Иногда, поздно ночью, когда я слышу, как Па ищет в темноте, а Кайла сопит рядом, я думаю, что понимаю Леони. Я думаю, что отчасти понимаю ее чувства. Что, кажется, я понимаю, почему она ушла после смерти Ма, почему она ударила меня, почему сбежала. Я чувствую это и в себе тоже. Зуд в руках. Биение в ногах. Трепет в груди. Беспокойство. Где-то глубже. Я просыпаюсь каждый раз, когда чувствую, что словно соскальзываю. Это чувство подбрасывает меня в воздух, как мячик. Примерно к трем утра оно позволяет мне упасть, и я засыпаю.
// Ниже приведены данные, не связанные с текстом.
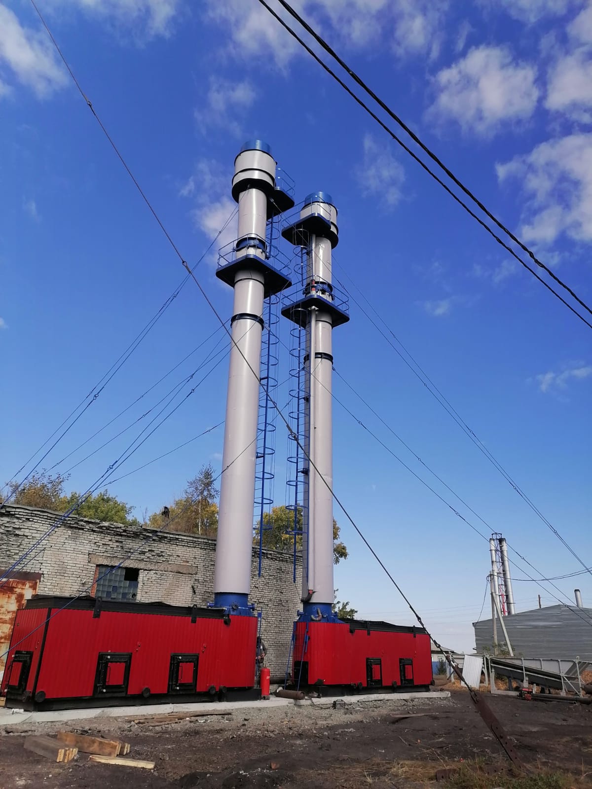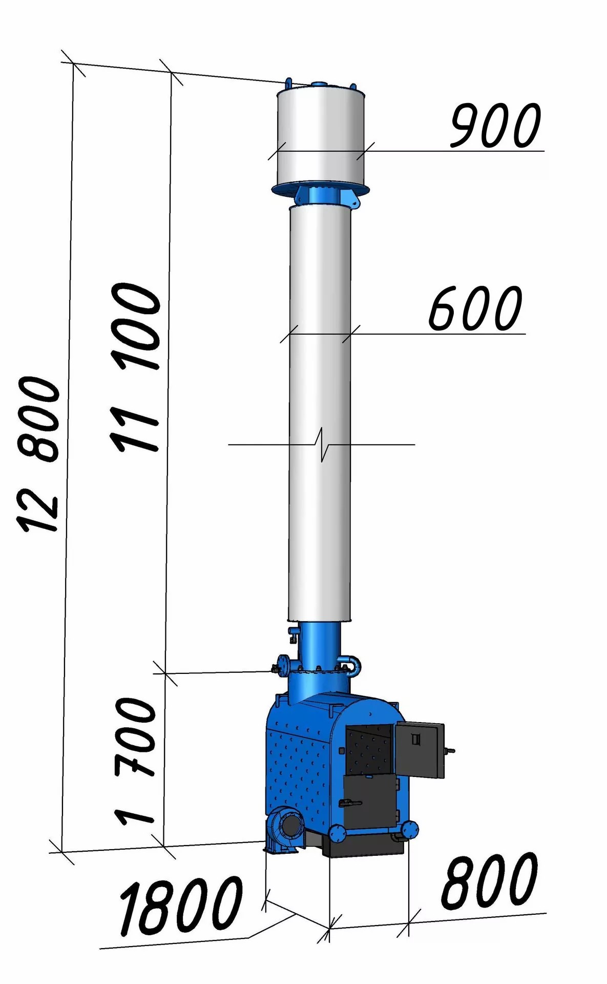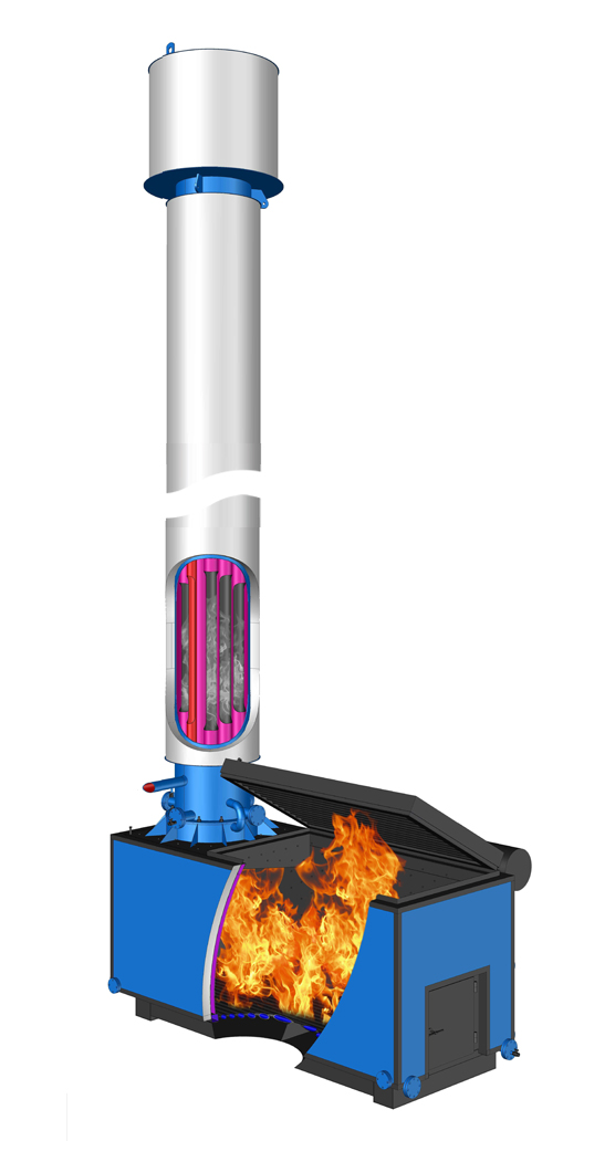 Уникальные твердотопливные котлы типа КВСрд состоят из топки и водоохлаждаемой дымовой трубы. Поднимаясь по дымовой трубе, горячие дымовые газы охлаждаются. отдавая тепло нагреваемой воде. Водоохлаждаемая дымовая труба выполняет роль основной конвективной поверхности котла, и имеет высоту 11м.Большая конвективная поверхность обеспечивает высокий КПД наших котлов-85%. Мощность котла 110 кВт,
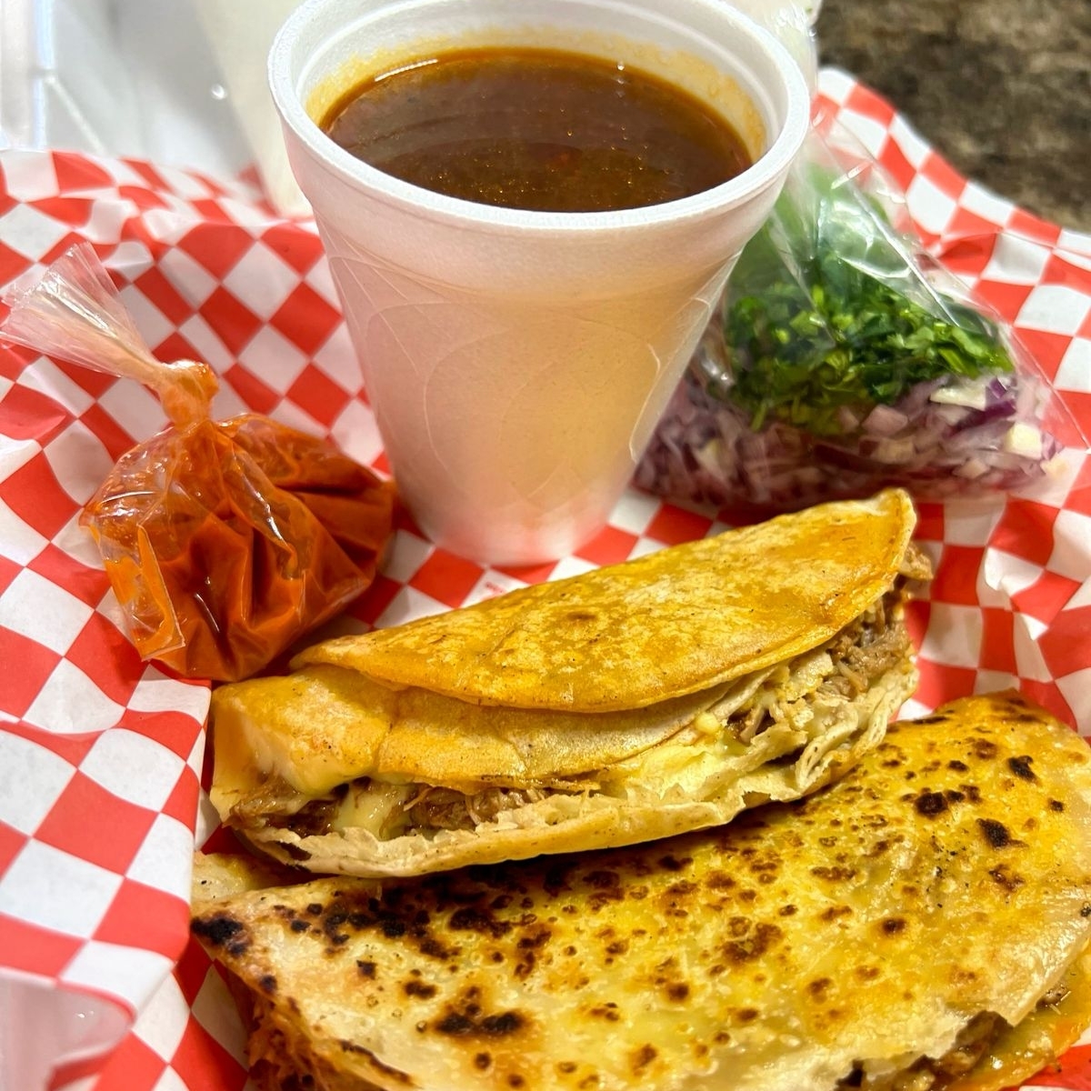Dos quesabirrias con tortilla doble y un vichi. Incluye servicio de verdura.

Днем я этого не чувствую. В основном. Но что-то в том, как небо становится персиковым, когда солнце оказывается на полпути вниз, постепенно погружаясь за горизонт, как камень в воду, возвращает меня к этому ощущению. Так что я ухожу гулять, когда чувствую, что оно приближается. Но не по улице, как мой сумасшедший двоюродный дед. Я иду за дом, через леса. По тропам за границей участка Па, в полутени под соснами, где коричневые иглы расстилаются ковром на красной глинистой земле, и когда я иду там, мои шаги беззвучны.
Как-то раз я вижу енота, тыкающего упавшее дерево, вытаскивающего личинки из ствола. Он шипит:
– Привет, – говорит Ричи.
Порой я вижу даже больше, чем Ма.
– Да твою ж… – цежу я.
Я зол как черт. Потому что, видя его большие уши и его руки и ноги, худые и хрупкие, как опавшие ветки, я понимаю, что часть меня ждала Ма. Надеялась, что я встречу ее на одной из таких прогулок. И когда я вижу его, часть меня понимает, что я никогда не увижу Ма, никогда не увижу ее сидящей на гнилом пне в ожидании моего прихода. Что я никогда больше не увижу ее, не услышу, как дядя Гивен зовет меня племянником.
Ветер с ходу падает в сумерки, касается меня своим большим крылом и поднимается вновь.
– Что ты тут делаешь? – говорю я.
– Я здесь, – говорит он.
Он проводит рукой по волосам, все еще жестким, как камень, поеденный дождем.
– Это я вижу.
– Нет. – Ричи откидывается на ствол, как на спинку гигантского кресла. – Я думал…
Он смотрит на тропу за моей спиной. На мой дом. Издает звук, похожий на дыхание, но не дышит.
– Что?
– Я думал, что смогу, когда узнаю. Пересечь воды. Оказаться дома. Может быть, там я смог бы… – слово звучит, как треск рвущейся тряпки, – … стать чем-то другим. Может быть, я мог бы. Стать. Песней.
Мне холодно.
– Я слышу ее. Иногда. Когда солнце. Садится. Когда солнце. Восходит. Песню. По кусочкам. Звезды. Пластинка. Небо. Большая пластинка. Жизни. Живых. Тех, кто за гранью. Вижу вспышками. Звук. За водами.
– Но?
– Я не могу.
– Не…
– Я не могу. Зайти внутрь. Я пробовал. Вчера. Должна быть какая-то потребность, недостаток чего-то. Как замочная скважина. Позволяющая мне войти. Но после всего этого – после твоей Ма, твоего дяди. Твоей мамы. Я не могу. Ты… – он снова издает этот звук вздоха, – … изменился. Больше нет нужды. Или, по крайней мере, нет такой большой нужды, в которую пролез бы ключ.
Желтая оса садится мне на шею, намереваясь впиться в меня. Я отмахиваюсь от нее, и она снова кружит рядом, пока я не шлепаю ее, почувствовав маленькое твердое тело, отражающееся от моей ладони и отскакивающее во мрак в поисках более легкой добычи.
– Так много, – говорит Ричи.
Его голос тягучий, как мед.
– Нас так много, – говорит он. – Нажимающих. Не на те клавиши. Бродящих. Против течения. Песни.
Он звучит устало. Ложится, смотрит на меня со своего ложа. Его голова наклонена под неестественным углом из-за оказавшегося под ней корня, упирающегося ему в шею. Жесткая подушка.
– Застрявших. Ты видел. Змею? Знаешь ли ты?
Я качаю головой.
– Я, – тянет он, – тоже. Так много рыдающих в одиночестве. Потерянных.
Он моргает, словно кот на грани дремы.
– Теперь ты понимаешь.
Он закрывает глаза. Квакает, как жаба.
– Теперь ты понимаешь жизнь. Теперь ты знаешь. Смерть.